A related condition is called ‘saturation’, and classical Hebbian training of a neural network (which always increases and never decreases the connection weights) always leads to saturation unless an additional step downregulating the network weights is taken.  Saturation, in an Artificial Neural Network, means every node fires, every time, creating positive feedback.  This is a repetitive state every bit as meaningless as quiescence.  In a Petri Net, the analogous state would be one in which every edge can fire, and no sequence of firing could reach a state in which some edge cannot.

But both of these conditions are extremely simple to avoid in a Petri Net.  These two invariants result in a Petri Net that provably avoids both deadlock and saturation:

1.  The edges include a fully connected subgraph of edges whose rule is that one token may be transferred from the source to the destination if the source has more than zero tokens and the destination has zero or fewer tokens.

2.  The total number of tokens in the network is greater than zero and less than the number of nodes.

A positive total number of tokens means that there is always at least one node with a positive number of tokens.  A total number of tokens less than the number of nodes means that there is always at least one node with zero or fewer tokens.  A fully connected subgraph contains all the nodes, and therefore at all times at least one edge of that subgraph must connect a node with a positive number of tokens to a node with zero or fewer tokens.  Therefore at all times, there exists at least one edge that can fire. But transferring a token on firing means that there can be no node that will always have a negative number of tokens and there can be no node that will always have a positive number of tokens.  So no matter what else happens in the network, every member of this set of edges will sometimes have its conditions met for firing (no deadlock) and sometimes not (no saturation).
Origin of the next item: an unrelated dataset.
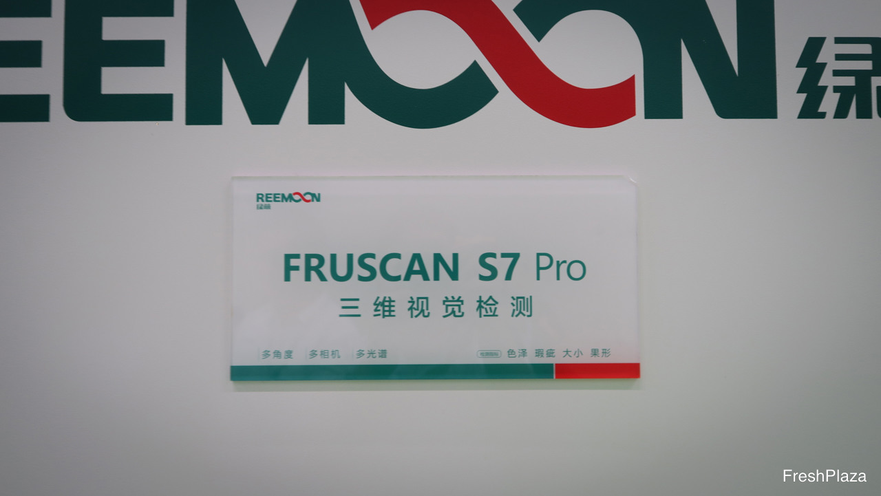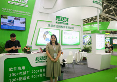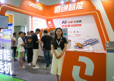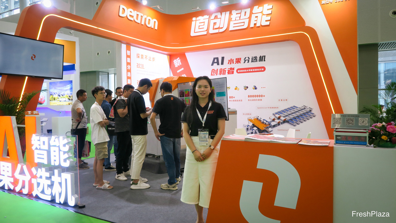 深圳的道创智能公司展台。公司以SpekSense和SpekVision为核心技术,并以人工智能科技赋能,于分选线上为水果进行质量检测。图为来自该公司的Ria。/ The stand of Deltron from Shenzhen. Their technology SpekSense and SpekVision does quality testing through scan technology and the entire sorting line, powered by AI technology. On the photo is Ria.
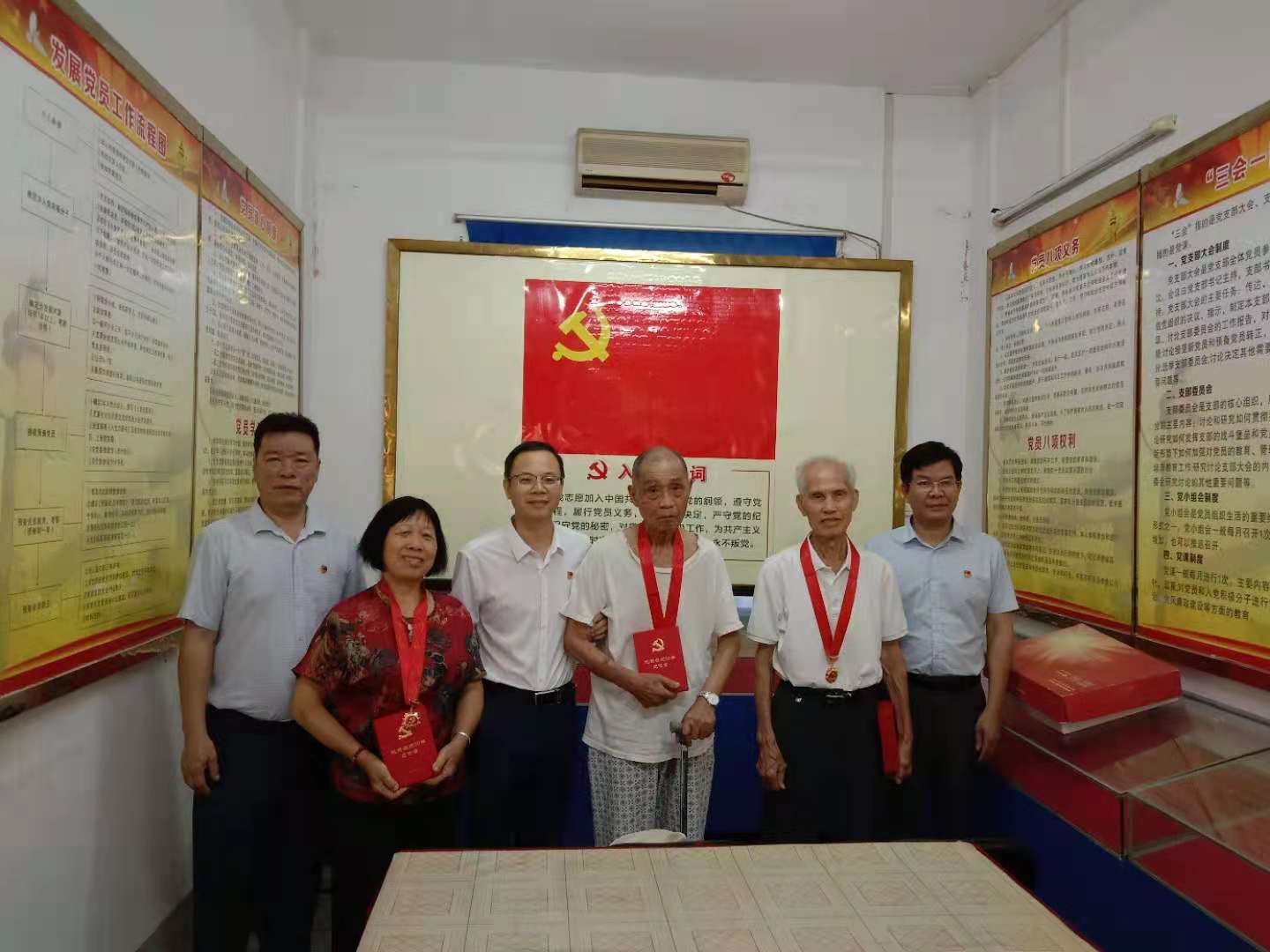 6月21日上午,玉林市档案馆党支部举行“光荣在党50年”纪念章颁发仪式,6位老党员获得殊荣,3名老党员代表参加活动。

To these edges you can add any number of other edges, with whatever rules you like.  Any edges whose rules can be met by source and destination of one token and zero respectively, in a Petri net where all firings transfer a positive number of tokens, will never saturate and will never deadlock.

The number of tokens transferred is the strength of the edge, similar in concept to the weight of a connection in an artificial neural network. Adjusting strengths, like adjusting weights in ANN’s, is one of the ways a Petri net can be trained.  This can be done via evolutionary methods with the same ease as evolutionary methods applied to training an ANN, or can be done with ‘swarm’ methods or similar adhoc hill-climbing techniques, but the broad experience and proven, elegant, reliable training algorithms that exist for ANN’s don’t really have any closely comparable methods in Petri nets.

Petri Nets can have extremely complex rules, or ‘edges’ that connect more than one source and/or more than one destination, or several different ‘colors’ of tokens, differentiated by rules that determine when an edge can fire based on several different colors of tokens or transfer tokens of a particular color.  Individual nodes can have maximum numbers of tokens they can hold, or minimum numbers.  But as Petri Nets grow more complex, so do the sets of invariants necessary to maintain a proof that the network can neither deadlock nor saturate. So far there is little evidence that such complications actually help much with training or evolved behavior.  Evidence of their value may be discovered if and as we develop a proper body of knowledge about training and operating Petri Nets, but it is at least as likely that it will not.

I am very much aware that the nodes in our ANN’s  are extremely simplified models that only vaguely remind real neurobiologists of the way the neurons of a biological brain operate.  But if ANN’s hold up a cloudy and cracked mirror to the structure of biological brains, Petri Nets are holding up a bowl of pudding, or something equally random.  There is absolutely nothing in a Petri Net that resembles anything about the way biological brains work.

I have been thinking about Petri Nets, and ways to model or modify them so that there are tractable methods for training them, lately, because my recurrent Artificial Neural Networks, which I’m training via evolutionary methods, frequently become unstable or fall into self-reinforcing repetitive patterns.